Yes, it is possible.  For example, have CL->ML ignore the type annotation
comments, and translate CL values into a single ML discriminated union type
that can represent all CL values.  Or (better, but not quite the same semantics)
translate those CL values with ML type annotations back to corresponding ML
types, and insert conversions to convert between the generic CL type and
other specific types where appropriate.

Suppose the original ML program defines the following functions

	foo : int -> int
	bar : string -> string
	...

We can add dynamic typing like this:

	datatype Generic = Int of int
			 | String of string
			 | Atom of string
			 | Cons Generic Generic
			 | Apply Generic Generic
			 | ...

	fun foo_wrapper (Int x) = (Int (foo x))

	fun bar_wrapper (String x)  (String (foo x))

and then dynamic binding like this

	val foo_binding = ref foo_wrapper

	val bar_binding = ref bar_wrapper

For dynamic binding, function calls will have to be translated to does
an indirection.  So a call

	let y = foo x

will become

	let y = !foo_binding x

or, if x and y are used in a way that requires that they have type int,
then

	let (Int y) = !foo_binding (Int x)

We can then simulate eval using an explicit symbol table.

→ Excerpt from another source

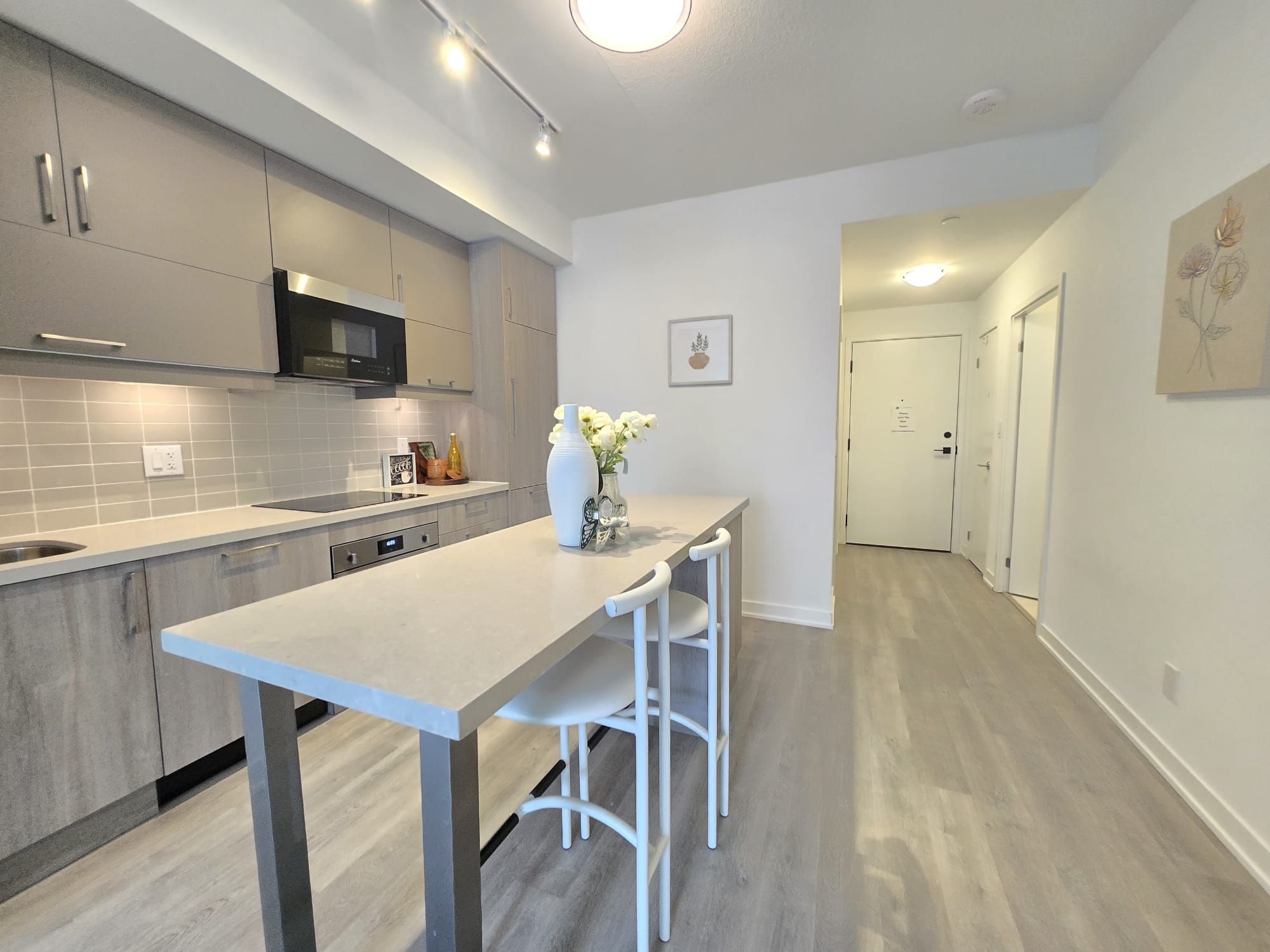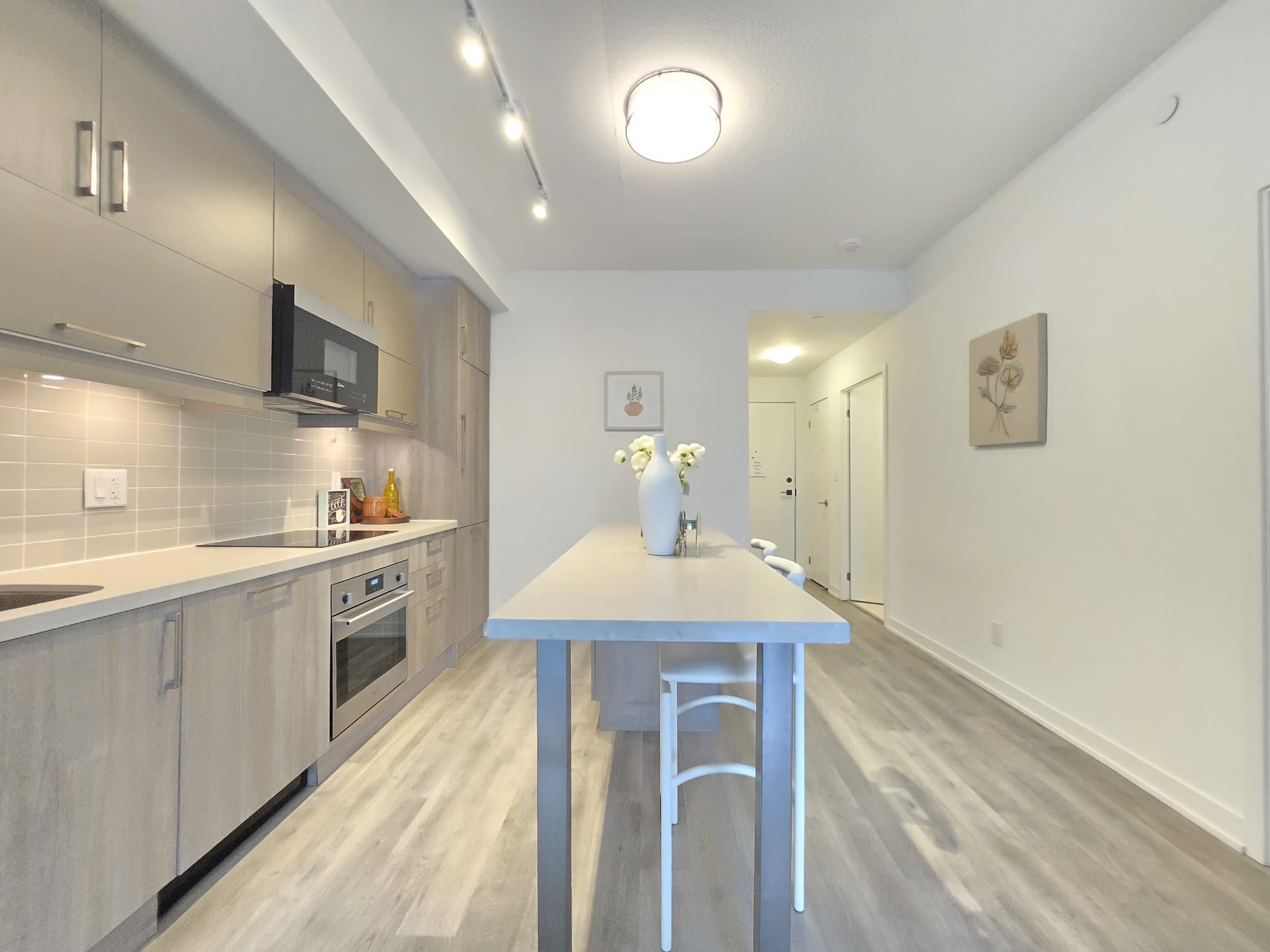 • Contemporary kitchen features quartz counters and stainless steel appliances.

	fun lookup "foo" = !foo_binding
	  | lookup "bar" = !bar_binding
	  | lookup "define" = !define_binding
	  ...

	fun define "foo" f = foo_binding := f
	  | define "bar" f = bar_binding := f
	  | define "define" f = define_binding := f
	  ...

	fun define_wrapper (Cons (Atom name) body) =
		let () = define name body in Atom "()"
	val define_binding = ref define_wrapper

	fun eval (Apply func arg) =
		case (eval func) of
		Atom funcname => (lookup funcname) (eval arg)
	  | eval x = x

Note that our symbol table includes an entry for the function "define",
so that eval can be used to modify the dynamic bindings.

The rest (e.g. read) is straight-forward.

>To ask the question in more detail:
>
>a) Is it possible to write CL->ML in a way that the result is both still 
>statically type checkable

Yes, but only in a weak sense.  Since we are allowing dynamic binding,
and we want to be able to dynamically bind symbols to a different type,
we're definitely going to have the possibility of dynamic type errors.
The way this is resolved is that things which would have been type errors
in the original ML program may become data errors (invalid constructor
in an algebraic type Generic) in the final ML program.

>and not considerably larger than the original program that was given to
>ML->CL.

There's a little bit of overhead for the wrapper functions of type
"Generic -> Generic", and for the variables of type "ref (Generic -> Generic)"
which store the dynamic bindings.  It's about two lines of code per
function in the original program.  I don't think this is excessive.

>Especially, is it possible to do this 
>without implementing a new interpreter/compiler on top of ML and then 
>letting the program run in that language, but keep the program 
>executable in ML itself?

The program includes a definition for "eval", and "eval" is an
interpreter, So in that sense, we have added a new interpreter.
But the bulk of the program is written in ML, without making use of eval.

>c) If you respond with yes to either a or b, what does your sketch of an 
>informal proof in your head look like that convincingly shows that this 
>can actually work?

See above.

-- 
Fergus Henderson <fjh at cs.mu.oz.au>  |  "I have always known that the pursuit
The University of Melbourne         |  of excellence is a lethal habit"
WWW: <http://www.cs.mu.oz.au/~fjh>  |     -- the last words of T. S. Garp.